Wiley Interdiscip Rev Nanomed Nanobiotechnol. 2015 Jul-Aug;7(4):475-93. doi: 10.1002/wnan.1323. Epub 2014 Dec 22.

DOI:10.1002/wnan.1323

PMID:25529538

原文链接:https://pmc.ncbi.nlm.nih.gov/articles/PMC4476964/

Abstract

Experimental techniques that interface single biomolecules directly with microelectronic systems are increasingly being used in a wide range of powerful applications, from fundamental studies of biomolecules to ultra-sensitive assays. In this study, we review several technologies that can perform electronic measurements of single molecules in solution: ion channels, nanopore sensors, carbon nanotube field-effect transistors, electron tunneling gaps, and redox cycling. We discuss the shared features among these techniques that enable them to resolve individual molecules, and discuss their limitations.

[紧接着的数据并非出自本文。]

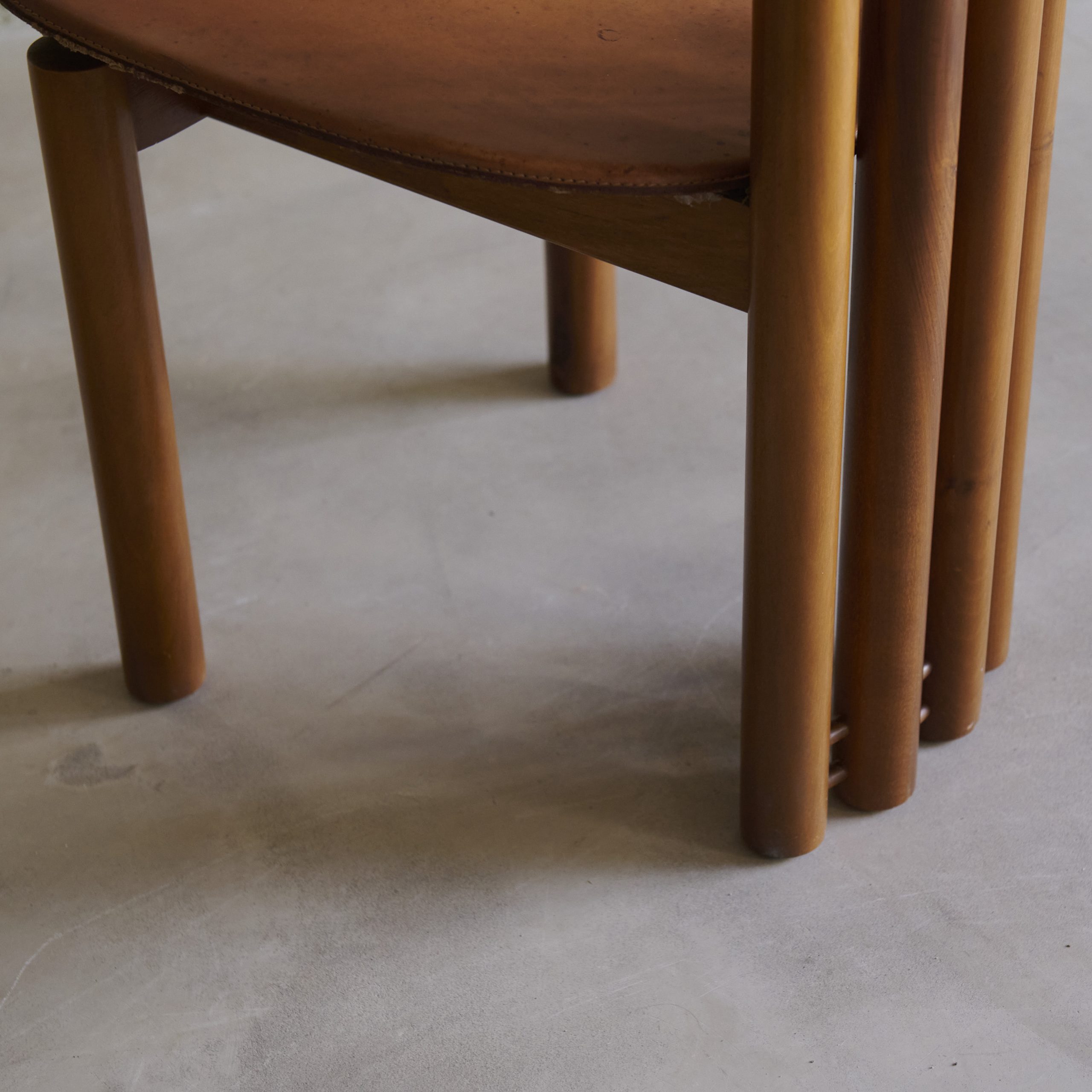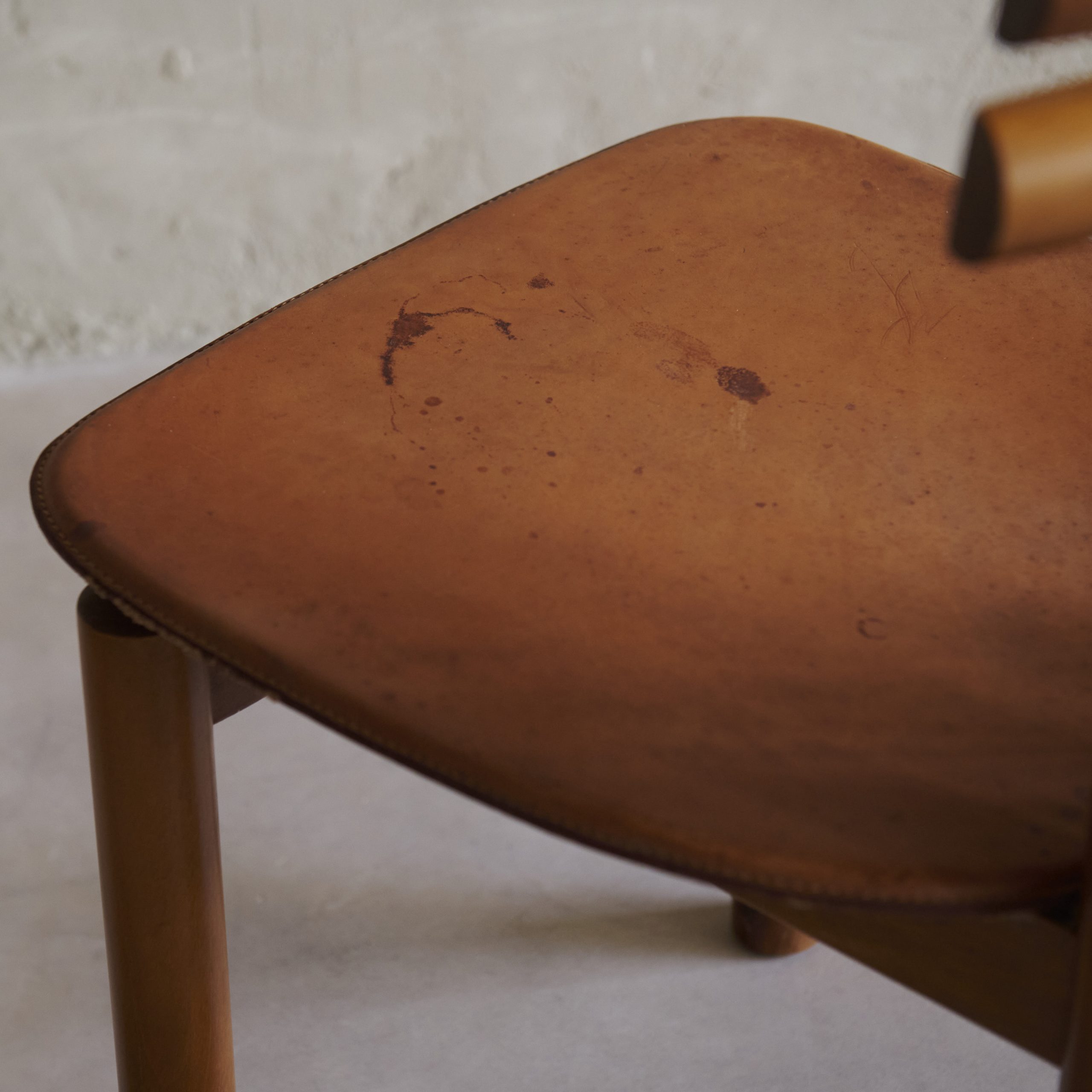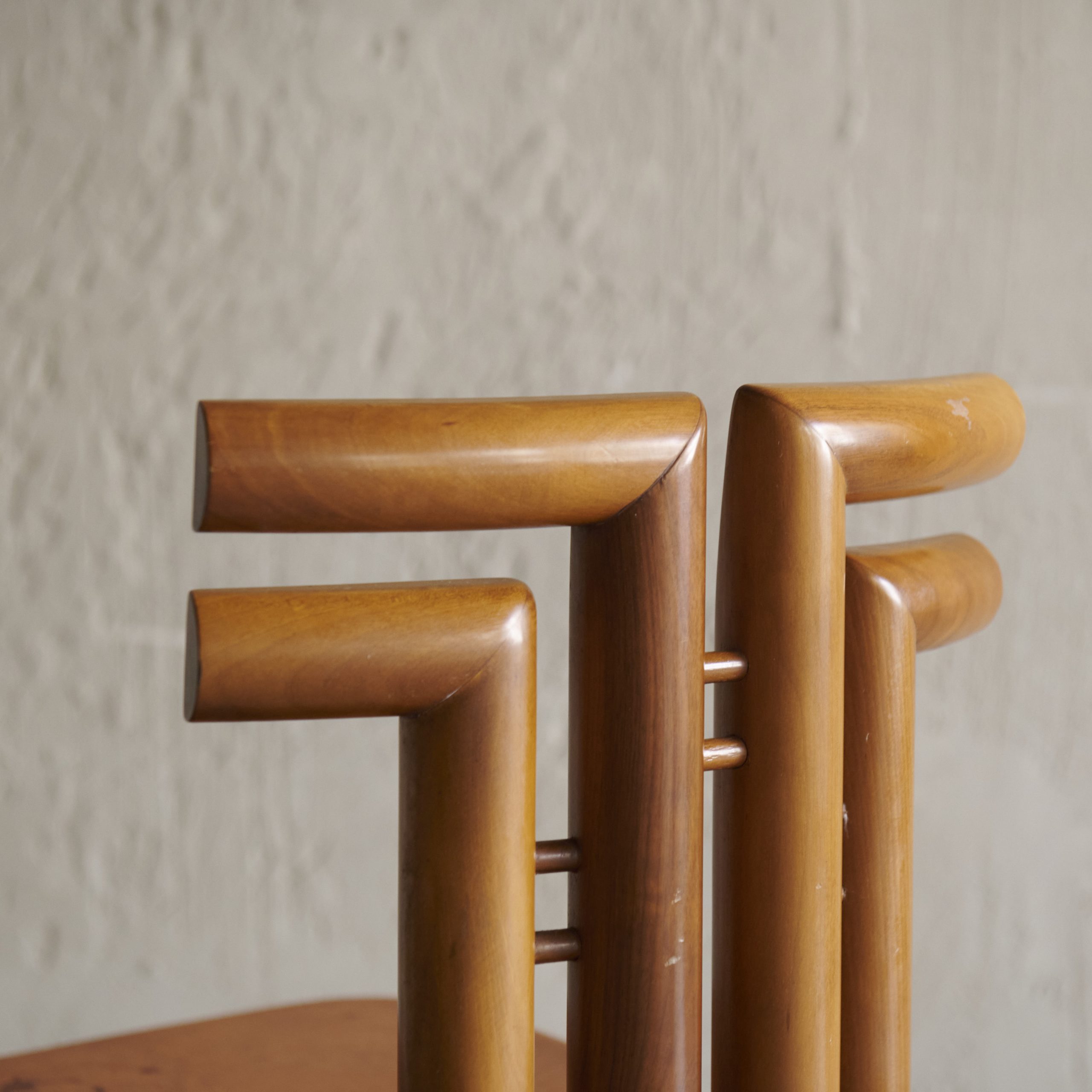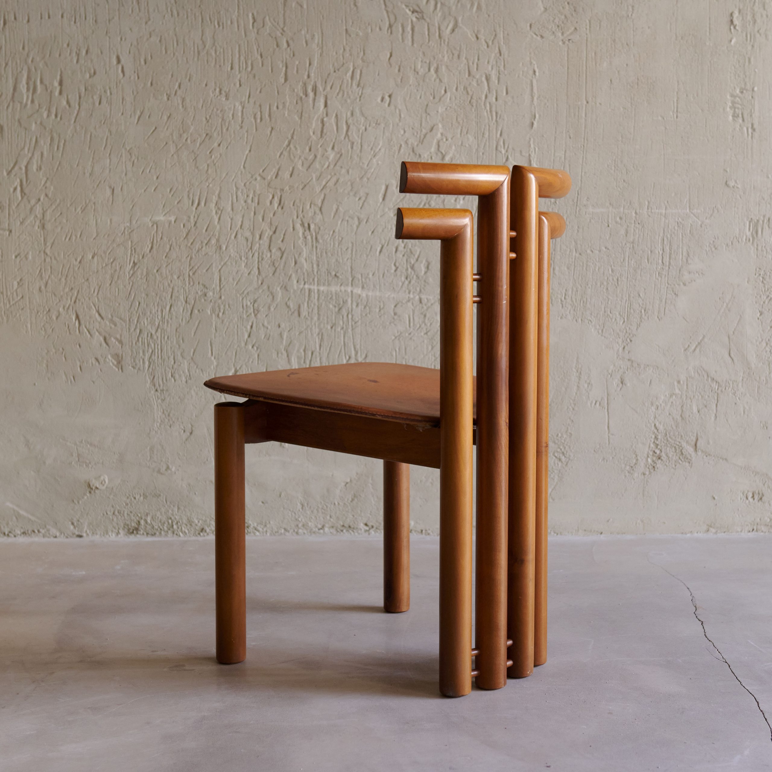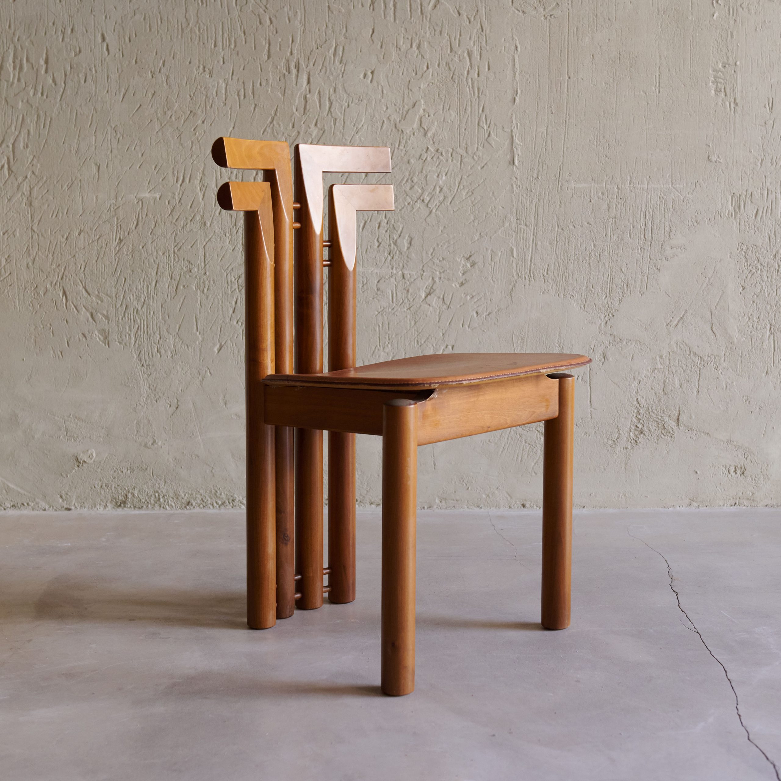 Pareja de sillas vintage de Mario Marenco. Diseñadas en los años 70 por una de las figuras más polifacéticas del mundo cultural italiano., se trata de dos piezas únicas, con gran personalidad y carácter que casi son una pieza escultórica en sí mismas. Fabricadas en madera de haya con modernas y desenfadas formas en su respaldo, su asiento es de cuero.

Recordings from each of these methods all rely on similar electronic instrumentation, and we discuss the relevant circuit implementations and potential for scaling these single-molecule bioelectronic interfaces to high-throughput arrayed sensing platforms.

摘要

将单个生物分子直接与微电子系统相连接的实验技术正越来越多地应用于广泛的强大应用中，从生物分子的基础研究到超灵敏检测。在本研究中，我们回顾了几种能够对溶液中的单个分子进行电学测量的技术：离子通道、纳米孔传感器、碳纳米管场效应晶体管、电子隧穿间隙和氧化还原循环。我们讨论了这些技术之间能够解析单个分子的共同特征，并讨论了它们的局限性。所有这些方法的记录都依赖于类似的电子仪器，我们还讨论了相关的电路实现以及将这些单分子生物电子接口扩展到高通量阵列传感平台的潜力。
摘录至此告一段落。